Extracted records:
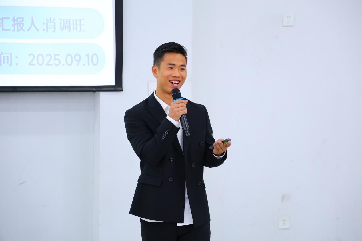 同样在汇武的肖调旺,其分享《大学开局!硬核成长攻略》极具实用价值,瞬间点燃了全场大一新生的热情。他以学长的身份,倾囊相授了自己在时间管理、技能学习、竞赛参与和实习准备方面的“干货攻略”,并提出了“大一定方向,大二练内功,大三见真章”的清晰成长路径,为尚处迷茫的新生们提供了一份宝贵的“行动地图”。
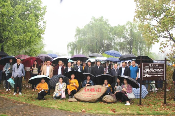 本网讯(通讯员 王艳艳)又是一个毕业季……文学院2018届毕业生在离校之际,自发捐款购买26棵红梅树,为母校捐建红梅园,红梅园位于南校区生态园。4月12日上午,天降大雨,但挡不住红梅园揭幕仪式的举行。校党委书记王立兵,党委副书记、纪委书记李金奇出席揭幕仪式,并一起冒雨为“红梅园”景观石、“梅园小记”揭幕。
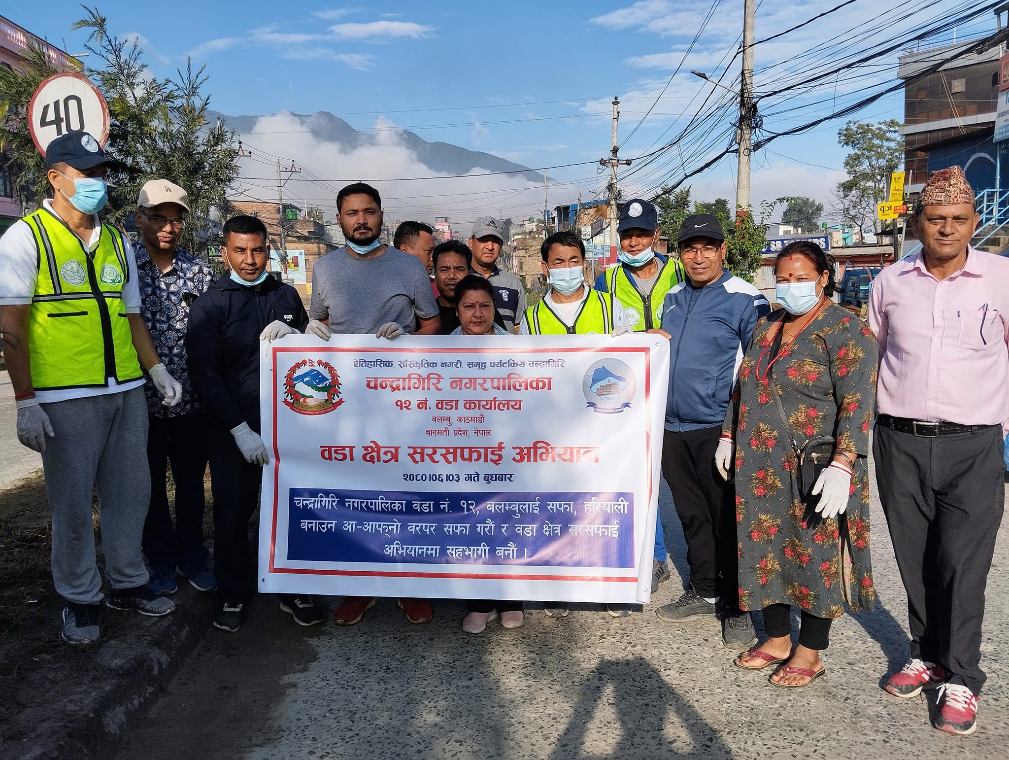 संविधान दिवसकै अवसरमा चन्द्रागिरि नगरपालिका वडा नं. १२ बलम्बुको आयोजनामा बुधबार बिहान गुर्जुधारा चोक लगायतको क्षेत्रमा सरसफाई गरिएको छ ।
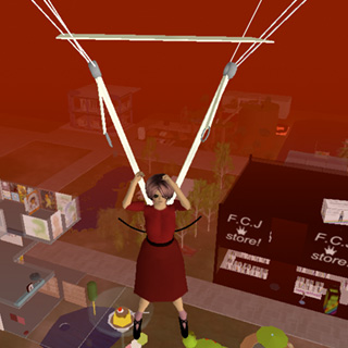そんでもって、もうすぐ地面ってときに、パラシュートがひらき、ゆっくり落ちていきますの。
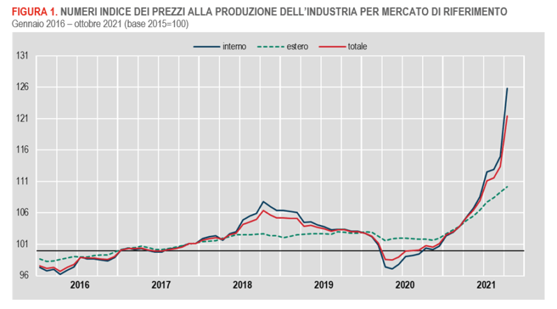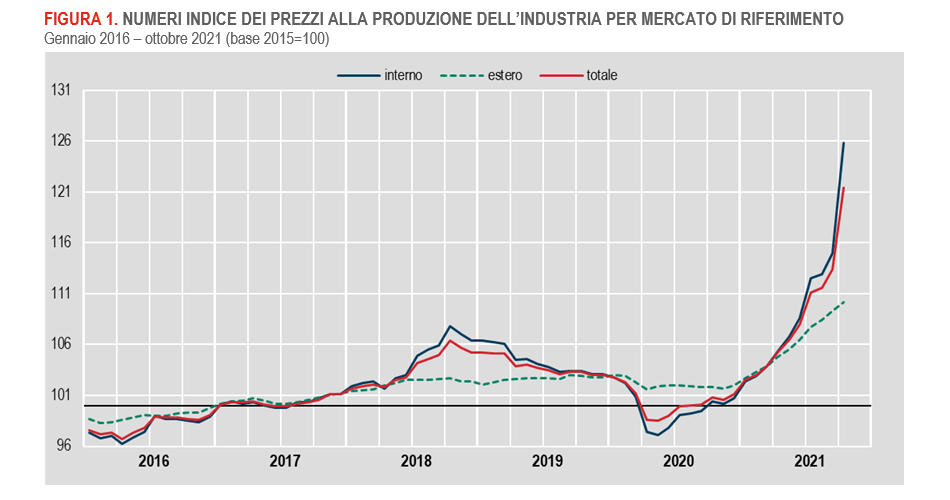 Nel trimestre agosto-ottobre 2021, rispetto ai tre mesi precedenti, i prezzi alla produzione dell’industria crescono del 6,5%, con una dinamica decisamente più sostenuta sul mercato interno (+7,9%) rispetto a quello estero (+2,5%).
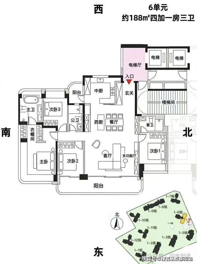 6单元:188㎡户型约60余套,总价约2500万起,单价约13.29万/㎡起【四房双套房+1灵动空间设计,奢阔享受】
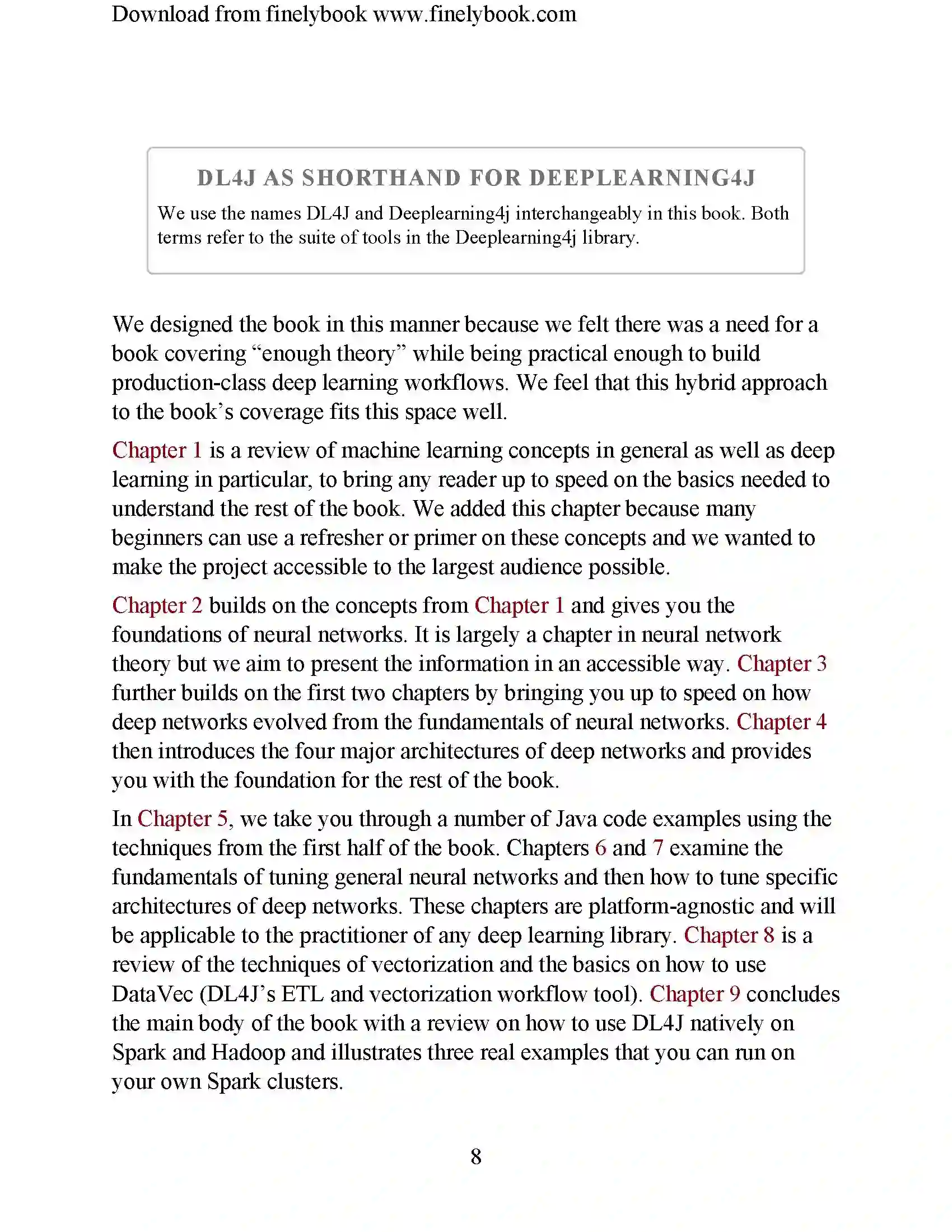 第8章回顾了矢量化技术以及如何使用DataVec(DL4J的ETL和矢量化工作流工具)的基础知识。
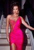 Prepare to captivate all eyes in the Portia and Scarlett PS23223 dress. This exquisite gown showcases a bodice adorned with glistening rhinestones that elegantly enhance your silhouette. The one-shoulder strap and asymmetrical bodice create a captivating and alluring look. A thigh-high slit adds a touch of boldness, while the sheath skirt cascades into a graceful sweep. Flatter your figure effortlessly in this timeless masterpiece, available in a range of vibrant hues: Cobalt, Hot Pink, and Red.
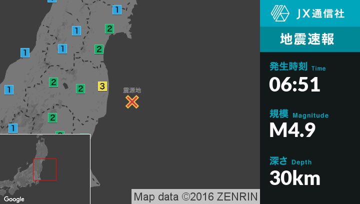 | 震度1 | 相馬市, 福島市, 福島伊達市, 桑折町, 大玉村, 矢吹町, 矢祭町, 平田村, 会津若松市, 下郷町, 西会津町, 会津坂下町, 柳津町, 会津美里町, 白石市, 名取市, 角田市, 蔵王町, 大河原町, 村田町, 柴田町, 宮城川崎町, 丸森町, 亘理町, 松島町, 大衡村, 女川町, 登米市, 大崎市, 色麻町, 宮城加美町, 宮城美里町, 水戸市, 常陸太田市, 北茨城市, ひたちなか市, 常陸大宮市, 那珂市, 小美玉市, 城里町, 東海村, 大子町, 土浦市, 石岡市, 取手市, 牛久市, つくば市, 筑西市, かすみがうら市, つくばみらい市, 日光市, 那須塩原市, 宇都宮市, 鹿沼市, 那須烏山市, 下野市, 益子町, 茂木町, 芳賀町, 高根沢町, 栃木那珂川町, 庄内町, 天童市, 米沢市, 南陽市, 高畠町, 白鷹町, 沼田市, 前橋市, 桐生市, 渋川市, 千代田町, 邑楽町, 加須市, 久喜市, 入間市, 宮代町, 香取市, 千葉美浜区, 野田市, 見附市, 新潟東区 |

* Work to be completed *
With pictures removed, write out exactly each line of the entries from the first through the line that holds "本网讯(通讯员 王艳艳)又是".

* Result below *
 同样在汇武的肖调旺,其分享《大学开局!硬核成长攻略》极具实用价值,瞬间点燃了全场大一新生的热情。他以学长的身份,倾囊相授了自己在时间管理、技能学习、竞赛参与和实习准备方面的“干货攻略”,并提出了“大一定方向,大二练内功,大三见真章”的清晰成长路径,为尚处迷茫的新生们提供了一份宝贵的“行动地图”。
 本网讯(通讯员 王艳艳)又是一个毕业季……文学院2018届毕业生在离校之际,自发捐款购买26棵红梅树,为母校捐建红梅园,红梅园位于南校区生态园。4月12日上午,天降大雨,但挡不住红梅园揭幕仪式的举行。校党委书记王立兵,党委副书记、纪委书记李金奇出席揭幕仪式,并一起冒雨为“红梅园”景观石、“梅园小记”揭幕。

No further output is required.